前回の小林孝延さんからのお便りへの、猫沢エミさんからの返信をお届けします。
第5便 50億年後の孤独
暮れなずむパリの、光と影の中。おはボンジュー小林さん、お返事をしたため始めた猫沢です。さっき、スパイス研究家の水野仁輔さんの『AIR SPICE』(厳選スパイスと水野さんのオリジナルカレーレシピ、エッセイがセットになって毎月届くサービス)で、鶏と海老のカレーを作りました。部屋中にスパイスのいい匂いが漂っています。私は水野さんのカレーの大ファンで、このスパイスセットを日本から持ち帰り、時々作っているのです。インド→日本→フランスという不思議な旅を経てカレーになるところも気に入っていて。ホールスパイスを油で炒めている時、たちのぼるオリエンタルな香りに、行ったことのないインドやスリランカの風景が見えてくるようです。そして、大学時代にバイトしていた北インドカレーの老舗『モティ』での思い出も。「エベレストに沈む夕日を、僕と一緒に眺めよう」とプロポーズしてくれたネパール人でバイト長のジャングル・バッタチャン(パンチのある名前!)、幸せに暮らしているといいな。
そういえば、小林さんも確か学生時代にカレー屋さんでバイトしてませんでしたっけ? 我々の若い頃は、異国の文化に誰もが憧れていた時代でしたよね。私は中学生の頃、ペンフレンドいましたよ(笑)。ジョンだかケビンだか、イギリスだったか、それともスウェーデンだったか、もうさっぱり忘れてしまいましたけど、拙い英語でやりとりしていました。いわゆる〝ペンパル〟ってやつです。その、今では名前も国も思い出せない誰かが書いてくれた、四つ折りの手紙を開いた瞬間の風景と、青いボールペンで書かれた、決して上手いとは言えないアルファベットの雰囲気だけは今でも覚えているんだなあと、小林さんのお返事を読んで記憶が蘇りました。

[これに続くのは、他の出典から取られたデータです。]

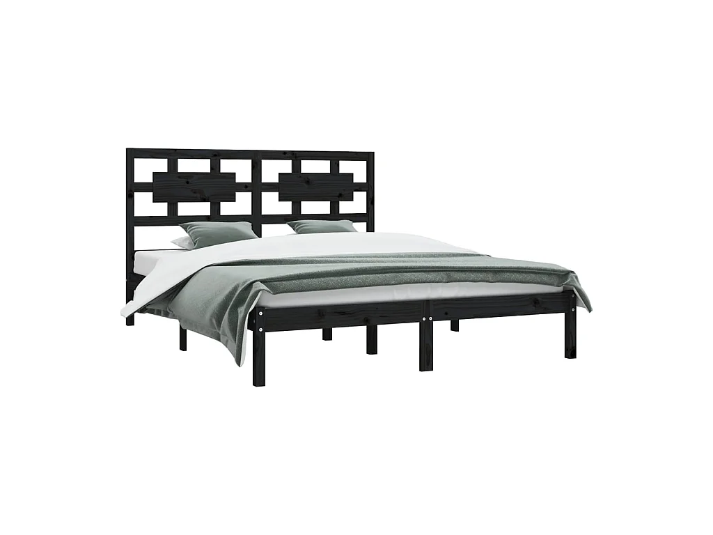 Lit-200x200 cm Noir Bois de pin massif EGGB49394

手書きの手紙は文字を綴る時、心情や体調が自然に筆圧や文字の揺らぎとして表れますよね。それがタイプライターの時代になったら失われたかといえば、私はそうじゃないと思うんです。タイプライターで書かれた手紙は一見、定型のアルファベットが無機質に並んでいるように見えて、そこにはやはり、キーを打つ強さによって変わる微妙なインクの濃淡や改行の癖などから、その人の息遣いが聞こえてくるように思います。

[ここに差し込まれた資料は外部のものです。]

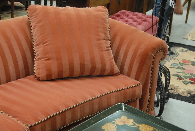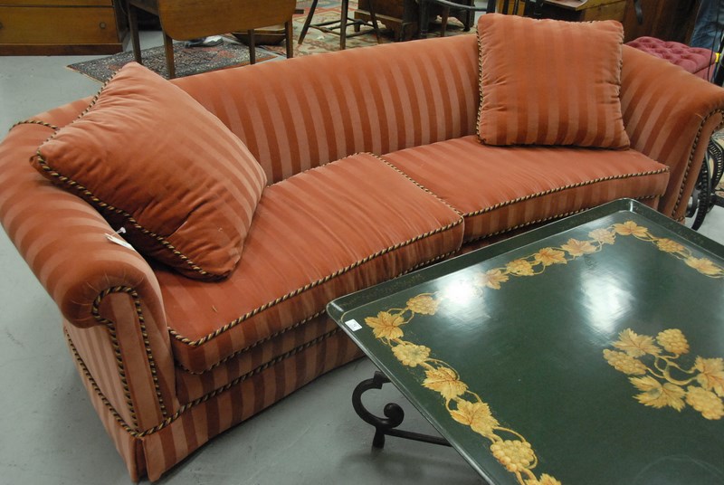 Upholstered sofa with rose upholstery and striped rope pimping, lg. 91in.

そして時代は流れ、手紙はさらに無機質なメールや様々なアプリケーションに取って代わられ、その基盤となるインターネットの発達により、私は今こうしてパリにいながら日本の仕事ができてしまう……というわけですが、それがなければ、この往復書簡も存在しなかったと考えると、なんだか不思議な気持ちになります。機械と信号で形作られているデジタルのお手紙に、手書き文字のような温もりを感じるのは、やはり書簡というスタイルが持つ〝思いを打ち明ける小さな勇気〟の普遍的な力があるからかも、と思いました。そして、手書き時代の手紙の筆圧に代わる何かも、ちゃんとデジタルの文字の隙間に宿っている。だからでしょうか? SNSの短いコメントにも、その人の心の在り方が表れてしまうのは……って脱線しそうなので、この話はまた今度。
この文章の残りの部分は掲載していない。